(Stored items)
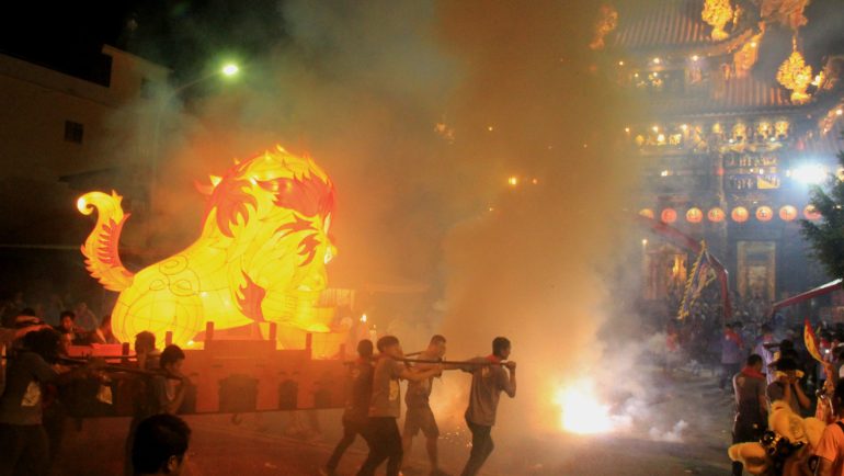 高雄左營萬年季火獅率信眾出巡祈福 。(記者許正雄攝)
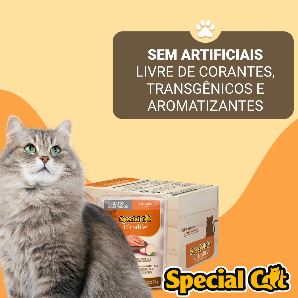 Kit 12 Sachês Special Cat Castrado Salmão Ultra Life 85 g
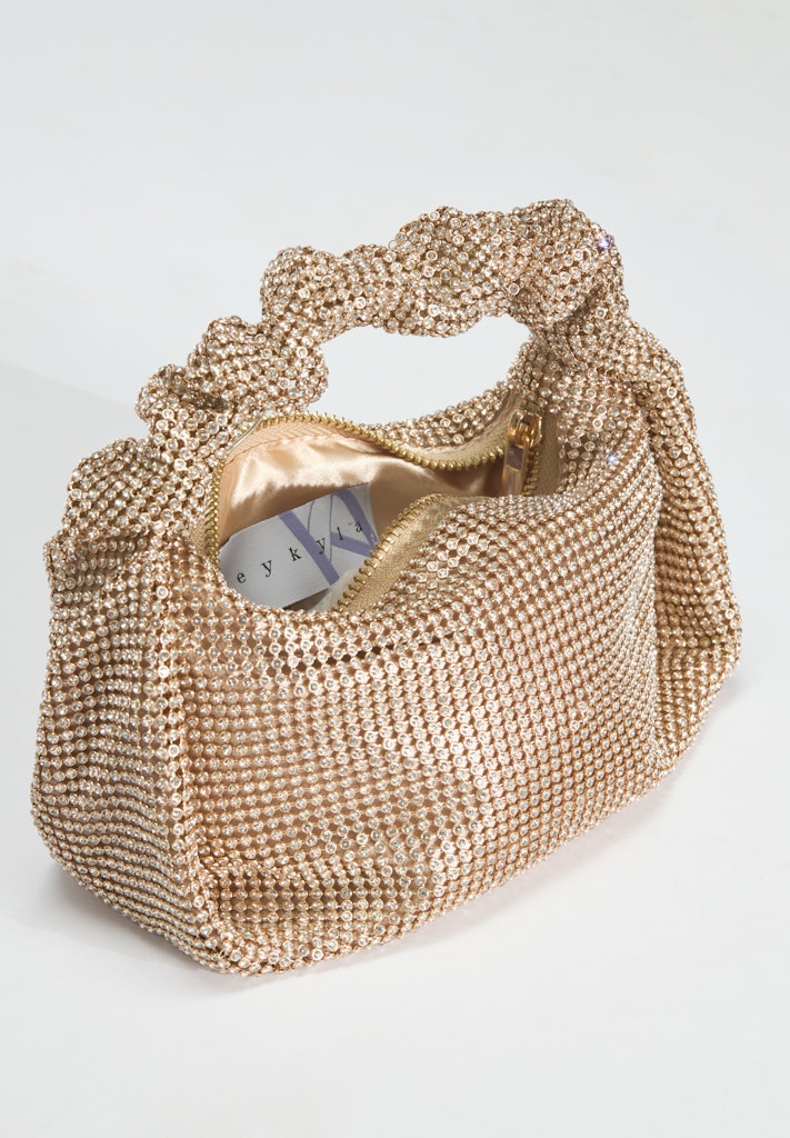Henkeltasche aus glänzendem Strassgewebe
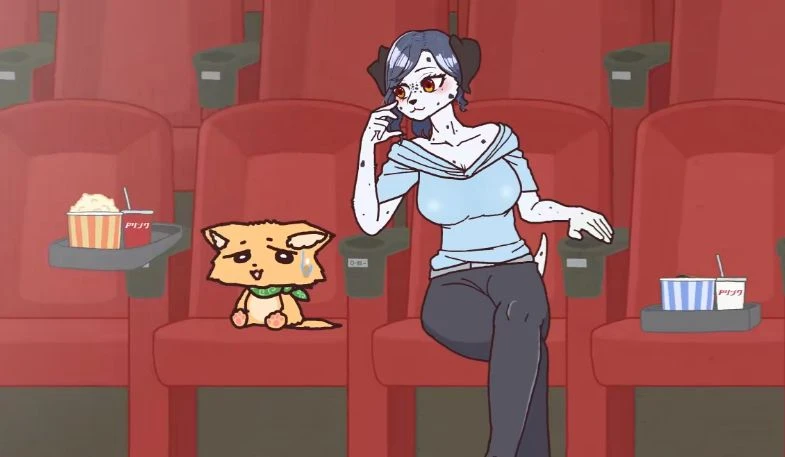 ユーザーが映画館で「小怪獣のあとしまつ」を見ていると、隣の席にいたダルメシアンのお姉さんが話しかけてくる
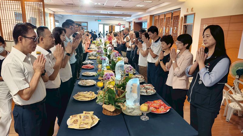 吳昆釧大隊長說,他們的工作項目就是每天都在做冒險的工作,不管天上、或是地底的災難,今天來參加吉七月祥月除了為自己祈福,也為部屬祈福,大家在出每項任務時,組員們都能順利達成,並且平安歸來。
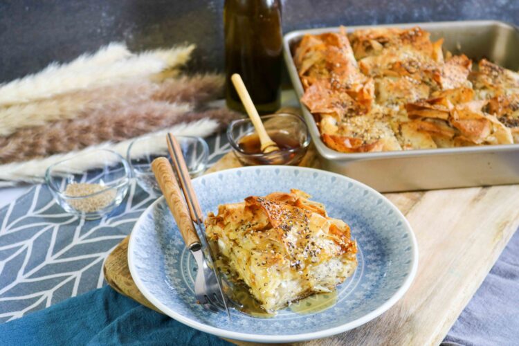 Наполнета е со фил од несолена урда и рендан пармезан, но она што ја прави уште повпечатлива и егзотична е нејзината презентација. Секое парче од оваа пита го сервирам со со мед. Иако за повеќето од вас ова ќе звучи помалку необично, но ви ветувам дека еднаш кога ќе ја вкусите комбинацијата сигурно ќе ја засакате.
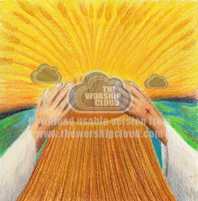The image depicts communion that gathers the individuals that make up the one bread, the Church, which is broken and given to the world, each stalk takes the seeds of faith to bring a new harvest.
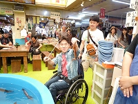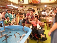 朝市では、イカ釣りを体験し、釣りたてのイカを味見。
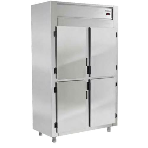 Refrigeração de produtos em cozinhas industriais de hotéis,restaurantes, clubes, bares, lanchonetes, confeitarias,mercados, mercearias e outros Temperatura: +1° a +°7C Refrigeração: Ar forçado com serpentina aletada Controle de Temperatura: Controlador Eletrônico Digital, com indicador digital de temperatura e degelo automático natural Prateleiras: 4 níveis, aramadas, reguláveis; um nível pode ser usado como estrado Revestimento Externo: ? GREP-4P/6P: Aço Inox 430 Revestimento Interno: Aço Galvanizado Parte frontal sem aquecimento no quadro de portas, podendo ocorrer condensação da umidade do ar Construção do Gabinete: Monobloco Pés reguláveis
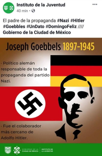 Ciudad de México, 27 de mayo (Vanguardia).- El Instituto de la Juventud (Injuve) de la Ciudad de México publicó ayer a manera de efeméride una ilustración sobre Joseph Goebbles, considerado padre de la propaganda nazi.
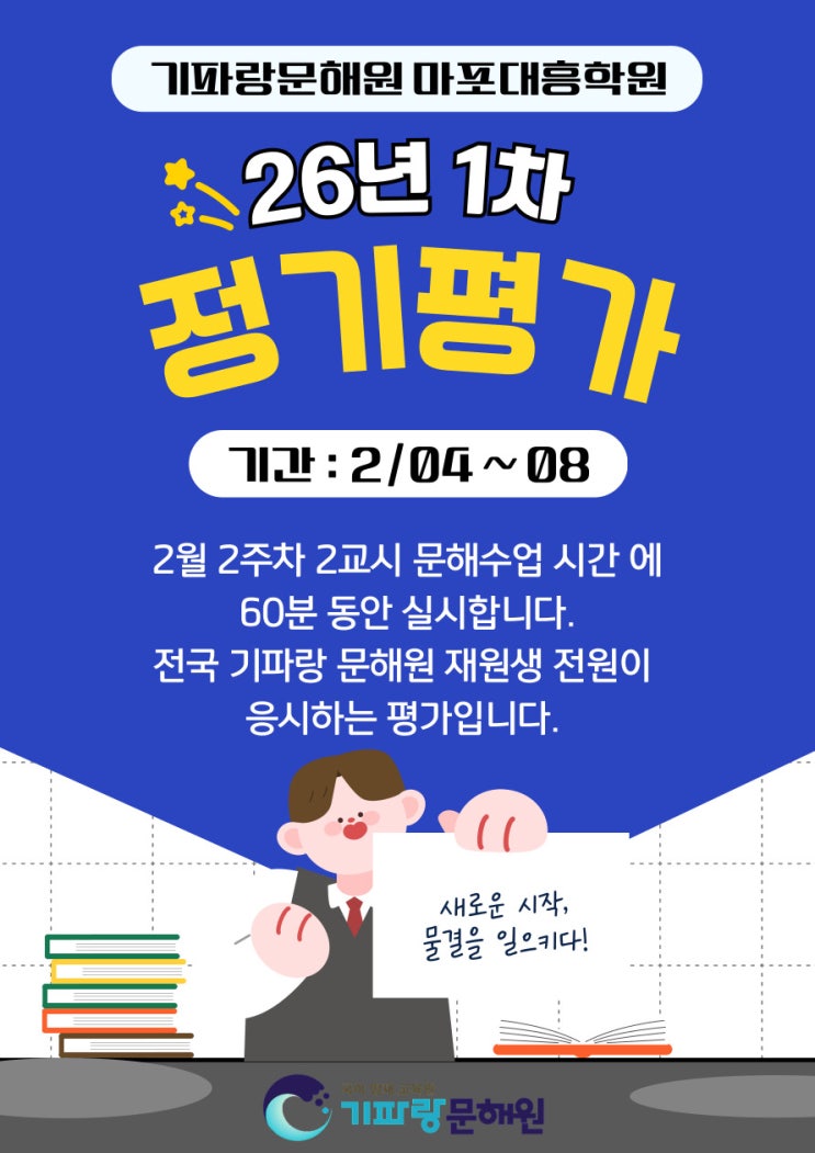 안녕하세요? 26년 1번째 [정기평가]가 다가오고 있습니다. *기간: 26.2.04(수) ~ 2.08(일) *준비물 : 컴퓨터용 싸인펜 2월 2주 차에 결석 시에는 학원으로 연락 주셔서 개별 응시 일시를 정해주세요~ *2월 2주차 수업 (2교시 문해수업시간) 때에 60분동안 진행합니다. ■ 정기평가란 전국 기파랑문해원 재원생 전체를 대상으로 하는 시험입니다. 총 32문항 (객관식 30문항, 주관식 2문항)을 60분간 풀게 됩니다. "입학테스트"와 구성과 수준이 동일합니다! 재원생들은 짝수월 2주차마다 정기평가를 보는데요. 그러므로 한 학기, 즉 6개월 동안 총 3번의 정기평가를 보게됩니다. ■ 정기 평가는 재원생들의 학업성취도를 파악할 뿐만 아....... <img src="https://blogthumb.pstatic.net/MjAyNjAxMTFfMjE5/MDAxNzY4MTA5MzUxNDE5.uEpDZfT3NMqkpPPcTr0jyItUydE3tR858rrbHk8Mu1gg.dj9GoNXVcBbt2lgIaExBhs8y-skfG-niEQaZqYZOyVgg.JPEG/2%BF%F9_%C1%A4%B1%E2%C6%F2%B0%A1.jpg?type=s3" />

**PROBLEM DESCRIPTION:** Above are the records; copy every one of them exactly and omit the images.

**RESPONSE:**
 高雄左營萬年季火獅率信眾出巡祈福 。(記者許正雄攝)
 Kit 12 Sachês Special Cat Castrado Salmão Ultra Life 85 g
Henkeltasche aus glänzendem Strassgewebe
 ユーザーが映画館で「小怪獣のあとしまつ」を見ていると、隣の席にいたダルメシアンのお姉さんが話しかけてくる
 吳昆釧大隊長說,他們的工作項目就是每天都在做冒險的工作,不管天上、或是地底的災難,今天來參加吉七月祥月除了為自己祈福,也為部屬祈福,大家在出每項任務時,組員們都能順利達成,並且平安歸來。
 Наполнета е со фил од несолена урда и рендан пармезан, но она што ја прави уште повпечатлива и егзотична е нејзината презентација. Секое парче од оваа пита го сервирам со со мед. Иако за повеќето од вас ова ќе звучи помалку необично, но ви ветувам дека еднаш кога ќе ја вкусите комбинацијата сигурно ќе ја засакате.
The image depicts communion that gathers the individuals that make up the one bread, the Church, which is broken and given to the world, each stalk takes the seeds of faith to bring a new harvest.
 朝市では、イカ釣りを体験し、釣りたてのイカを味見。
 Refrigeração de produtos em cozinhas industriais de hotéis,restaurantes, clubes, bares, lanchonetes, confeitarias,mercados, mercearias e outros Temperatura: +1° a +°7C Refrigeração: Ar forçado com serpentina aletada Controle de Temperatura: Controlador Eletrônico Digital, com indicador digital de temperatura e degelo automático natural Prateleiras: 4 níveis, aramadas, reguláveis; um nível pode ser usado como estrado Revestimento Externo: ? GREP-4P/6P: Aço Inox 430 Revestimento Interno: Aço Galvanizado Parte frontal sem aquecimento no quadro de portas, podendo ocorrer condensação da umidade do ar Construção do Gabinete: Monobloco Pés reguláveis
 Ciudad de México, 27 de mayo (Vanguardia).- El Instituto de la Juventud (Injuve) de la Ciudad de México publicó ayer a manera de efeméride una ilustración sobre Joseph Goebbles, considerado padre de la propaganda nazi.
 안녕하세요? 26년 1번째 [정기평가]가 다가오고 있습니다. *기간: 26.2.04(수) ~ 2.08(일) *준비물 : 컴퓨터용 싸인펜 2월 2주 차에 결석 시에는 학원으로 연락 주셔서 개별 응시 일시를 정해주세요~ *2월 2주차 수업 (2교시 문해수업시간) 때에 60분동안 진행합니다. ■ 정기평가란 전국 기파랑문해원 재원생 전체를 대상으로 하는 시험입니다. 총 32문항 (객관식 30문항, 주관식 2문항)을 60분간 풀게 됩니다. "입학테스트"와 구성과 수준이 동일합니다! 재원생들은 짝수월 2주차마다 정기평가를 보는데요. 그러므로 한 학기, 즉 6개월 동안 총 3번의 정기평가를 보게됩니다. ■ 정기 평가는 재원생들의 학업성취도를 파악할 뿐만 아....... <img src="https://blogthumb.pstatic.net/MjAyNjAxMTFfMjE5/MDAxNzY4MTA5MzUxNDE5.uEpDZfT3NMqkpPPcTr0jyItUydE3tR858rrbHk8Mu1gg.dj9GoNXVcBbt2lgIaExBhs8y-skfG-niEQaZqYZOyVgg.JPEG/2%BF%F9_%C1%A4%B1%E2%C6%F2%B0%A1.jpg?type=s3" />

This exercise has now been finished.